# Accessories Store/s in NYC - Anyone?



## SeaHunt (Jun 23, 2009)

Looking for a DX Case - any reco's in nyc - appreciated!


----------



## Patrizia (Oct 29, 2008)

whats a reco?


----------



## dollcrazy (Jan 12, 2009)

Your best bet for anything kindle related would be online. As far as I know their are no retail stores that sell accessories for kindle. If you can give us specific things you are looking for we can send you to the right place.


----------



## pidgeon92 (Oct 27, 2008)

Patrizia said:


> whats a reco?


recommendation


----------



## Patrizia (Oct 29, 2008)

oh sorry. I read that three times and could not figure it out.. thanks!!!! Hey Pidg.. do you have a DX?


----------



## pidgeon92 (Oct 27, 2008)

Patrizia said:


> oh sorry. I read that three times and could not figure it out.. thanks!!!! Hey Pidg.. do you have a DX?

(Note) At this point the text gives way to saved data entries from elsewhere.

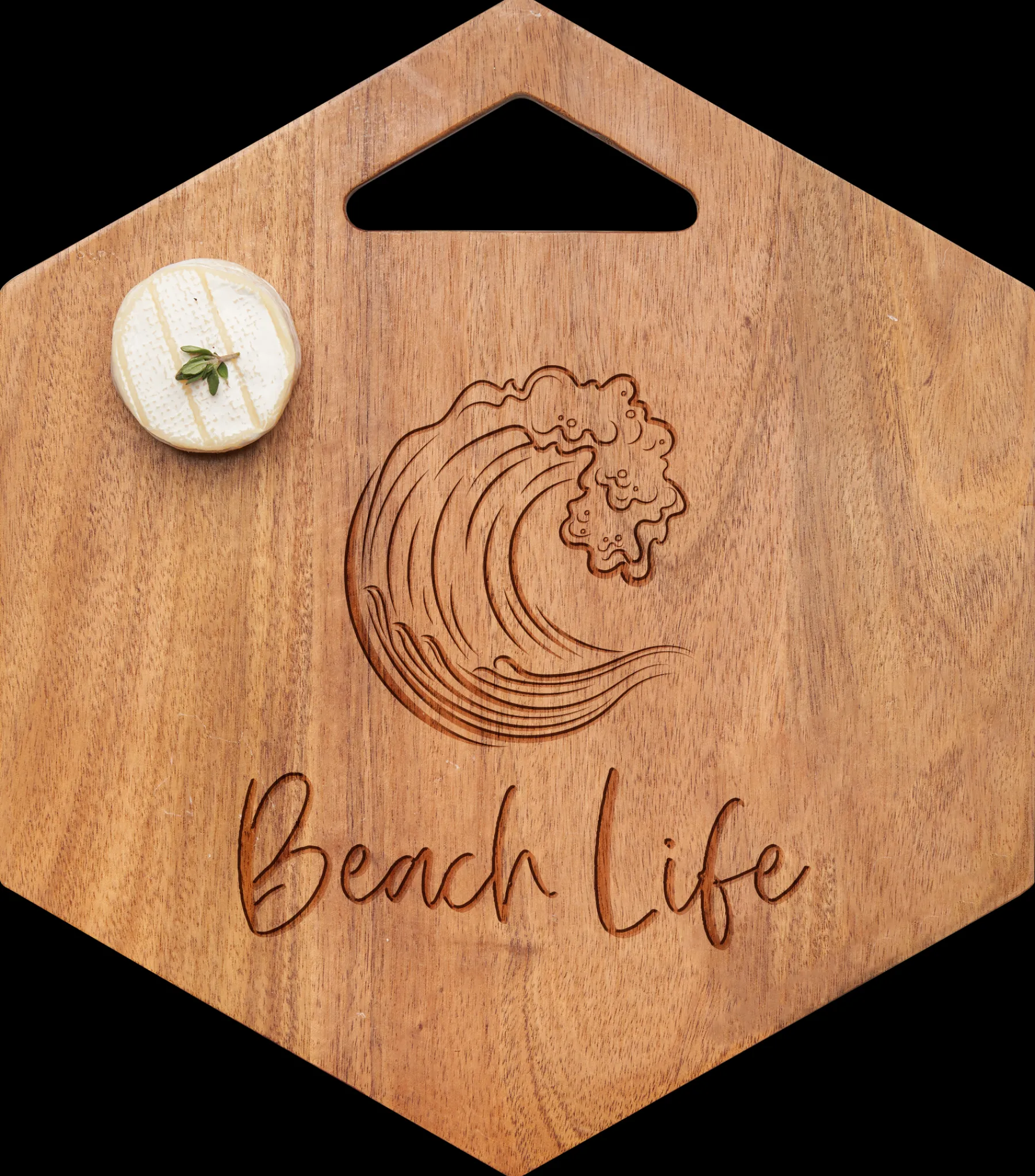 Premium acacia wood board in a sleek hexagon shape with a perfect handle cut out.
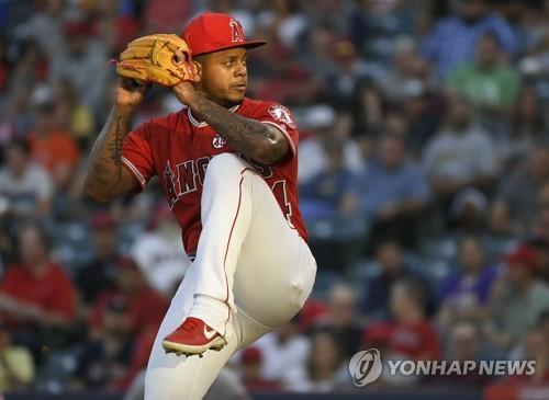 | ▲ In this Getty Images file photo from July 17, 2019, Felix Pena of the Los Angeles Angels pitches against the Houston Astros during the top of the first inning of a Major League Baseball regular season game at Angel Stadium in Anaheim, California. (Yonhap) |
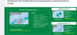 Já o diretor executivo de Refino e Gás Natural, Rodrigo Costa Lima e Silva, destacou os projetos Sergipe Águas Profundas (SEAP) e o BM-C-33. Segundo ele, esses projetos irão totalizar uma aplicação de cerca de 5 bilhões de dólares. “Esses números estão alocados no segmento de E&P e, com isso, a gente tem aqui um aumento significativo da nossa oferta no nosso portfólio Petrobras de cerca de 50 milhões de m³/dia de gás natural”, comentou o diretor em sua apresentação.
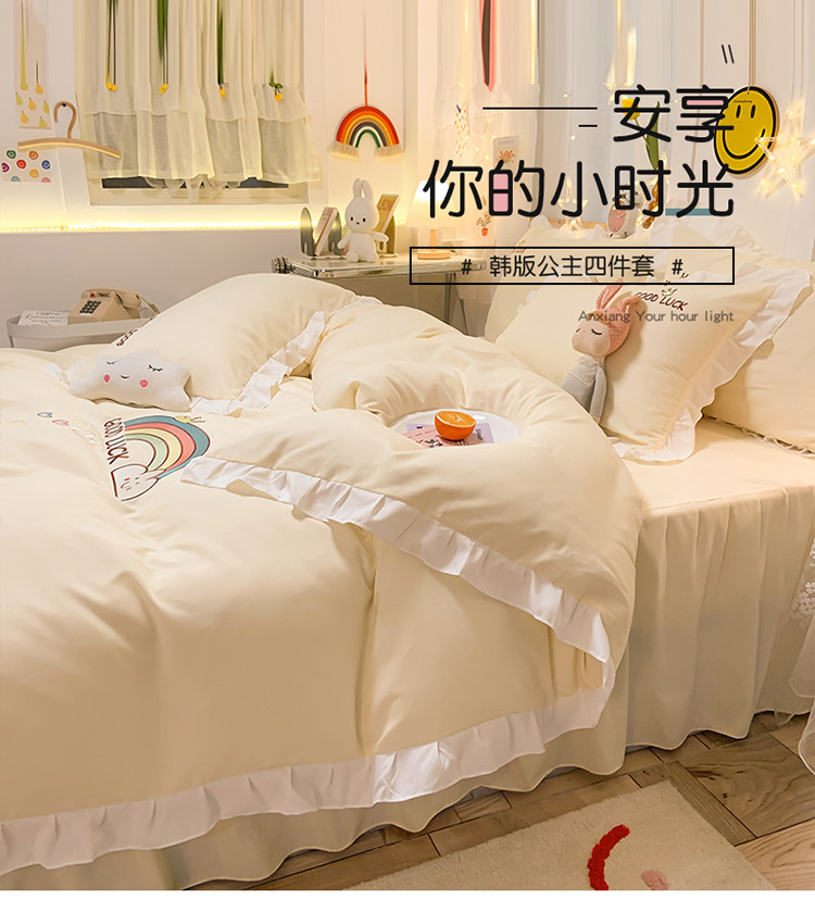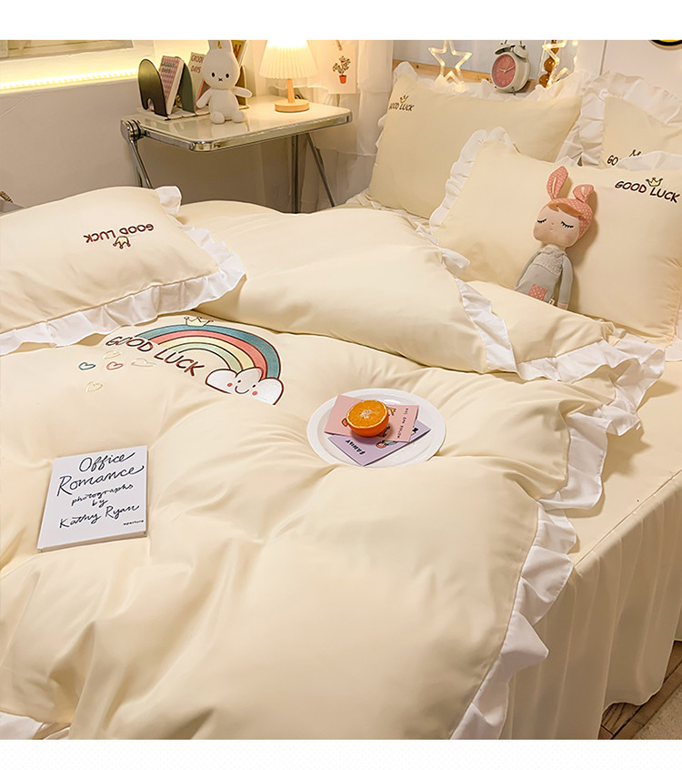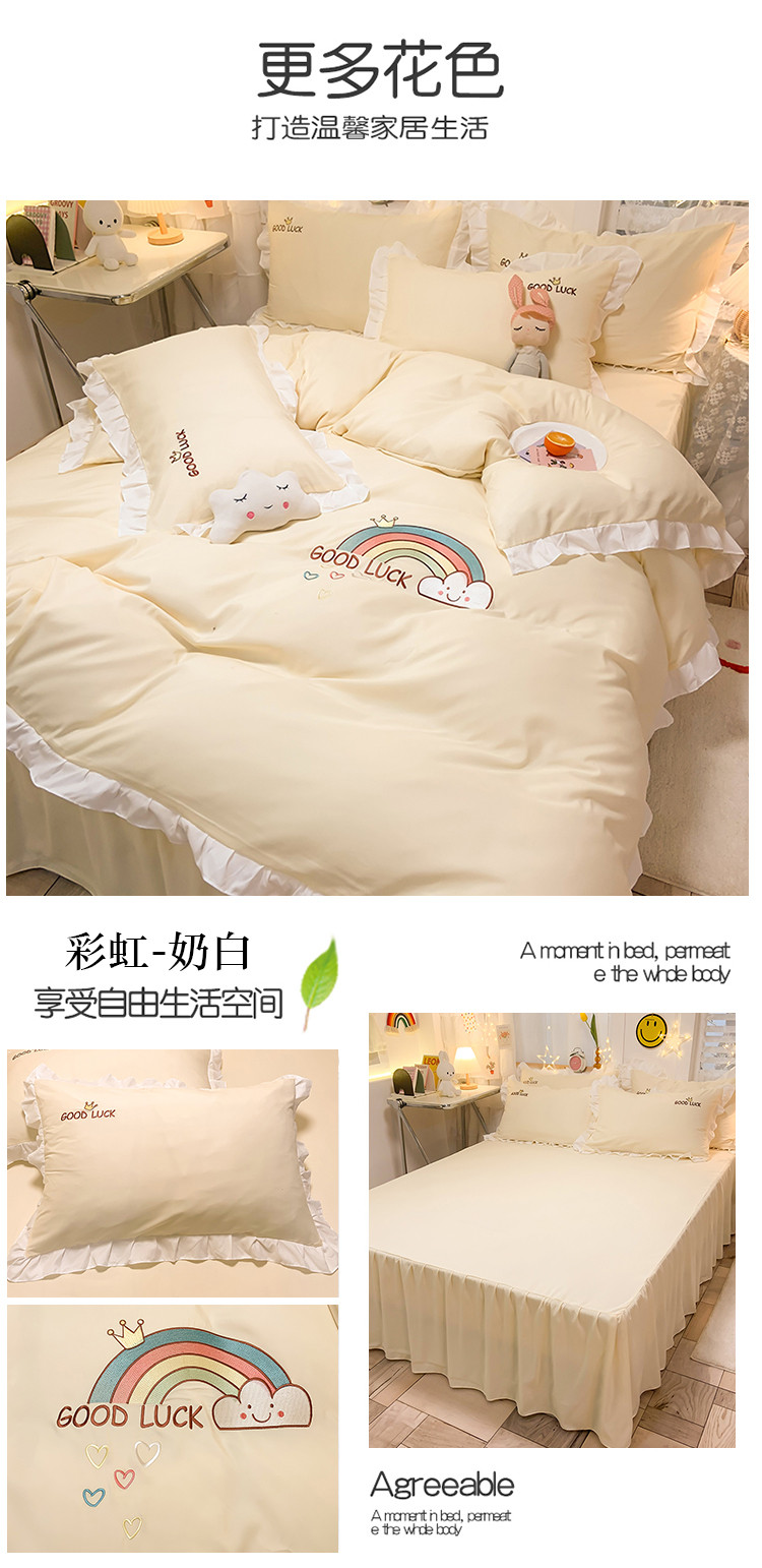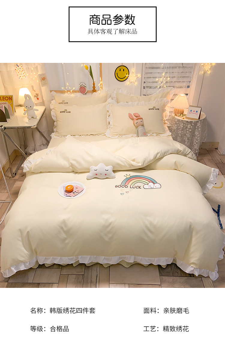当前位置: 91家纺网 > 商品网购 > 床品套件 > 四件套 > 全棉普通四件套 > 绒兔兔 2021韩版柔肤棉彩虹刺绣四件套 奶白

Nope..... I spent all of my DX money on a MacBook Pro....


----------



## koolmnbv (Mar 25, 2009)

I wasn't aware of any retail stores that had Kindle gear. Maybe eventually we will see stuff for the kindle in bookstores etc. 

Also maybe Oberon has a retailer in NYC somewhere and they might have some Kindle covers along with other oberon products.


----------